* _Exercise_:
Using the listing below, set down exactly the lines starting at the line that contains "Expérience unique !" and ending at the line that contains "Perfectly petite, this", both included, and no others.

* _Dataset records_:
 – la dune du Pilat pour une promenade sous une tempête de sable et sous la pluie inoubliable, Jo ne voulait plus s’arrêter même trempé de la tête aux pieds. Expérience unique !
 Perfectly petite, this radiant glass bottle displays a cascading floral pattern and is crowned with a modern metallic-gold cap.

==

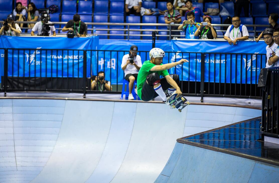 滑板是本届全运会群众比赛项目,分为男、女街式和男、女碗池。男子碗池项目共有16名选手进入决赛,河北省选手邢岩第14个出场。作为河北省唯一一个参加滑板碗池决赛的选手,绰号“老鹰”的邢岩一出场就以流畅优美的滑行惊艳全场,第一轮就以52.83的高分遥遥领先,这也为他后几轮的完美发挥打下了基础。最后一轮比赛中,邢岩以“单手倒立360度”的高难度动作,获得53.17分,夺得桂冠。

* _Task solution_:
 – la dune du Pilat pour une promenade sous une tempête de sable et sous la pluie inoubliable, Jo ne voulait plus s’arrêter même trempé de la tête aux pieds. Expérience unique !
 Perfectly petite, this radiant glass bottle displays a cascading floral pattern and is crowned with a modern metallic-gold cap.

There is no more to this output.